> Data:
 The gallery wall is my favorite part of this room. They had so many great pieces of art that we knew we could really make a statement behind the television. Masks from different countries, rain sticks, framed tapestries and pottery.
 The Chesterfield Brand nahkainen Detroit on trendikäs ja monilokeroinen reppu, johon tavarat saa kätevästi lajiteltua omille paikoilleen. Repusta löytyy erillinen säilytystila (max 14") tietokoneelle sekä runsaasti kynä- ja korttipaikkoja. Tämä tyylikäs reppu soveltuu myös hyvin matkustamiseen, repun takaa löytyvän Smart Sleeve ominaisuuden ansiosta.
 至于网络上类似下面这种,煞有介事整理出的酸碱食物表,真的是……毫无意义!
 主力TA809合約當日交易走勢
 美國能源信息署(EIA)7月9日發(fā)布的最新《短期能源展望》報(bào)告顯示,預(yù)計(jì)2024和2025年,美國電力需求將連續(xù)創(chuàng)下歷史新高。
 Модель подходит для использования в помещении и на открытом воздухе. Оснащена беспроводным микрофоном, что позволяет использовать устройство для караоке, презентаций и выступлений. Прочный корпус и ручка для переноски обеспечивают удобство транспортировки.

---

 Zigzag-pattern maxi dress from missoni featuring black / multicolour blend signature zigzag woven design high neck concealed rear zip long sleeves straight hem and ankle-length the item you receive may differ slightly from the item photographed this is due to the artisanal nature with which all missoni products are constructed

> What is being asked: Everything above from the line containing "至于网络上类似下面这种,煞有介事整理出的酸碱食物表,真的是……毫无意义!" down to the line containing "Модель подходит для" should be copied exactly, both end lines included, and nothing else.

> Task solution:
 至于网络上类似下面这种,煞有介事整理出的酸碱食物表,真的是……毫无意义!
 主力TA809合約當日交易走勢
 美國能源信息署(EIA)7月9日發(fā)布的最新《短期能源展望》報(bào)告顯示,預(yù)計(jì)2024和2025年,美國電力需求將連續(xù)創(chuàng)下歷史新高。
 Модель подходит для использования в помещении и на открытом воздухе. Оснащена беспроводным микрофоном, что позволяет использовать устройство для караоке, презентаций и выступлений. Прочный корпус и ручка для переноски обеспечивают удобство транспортировки.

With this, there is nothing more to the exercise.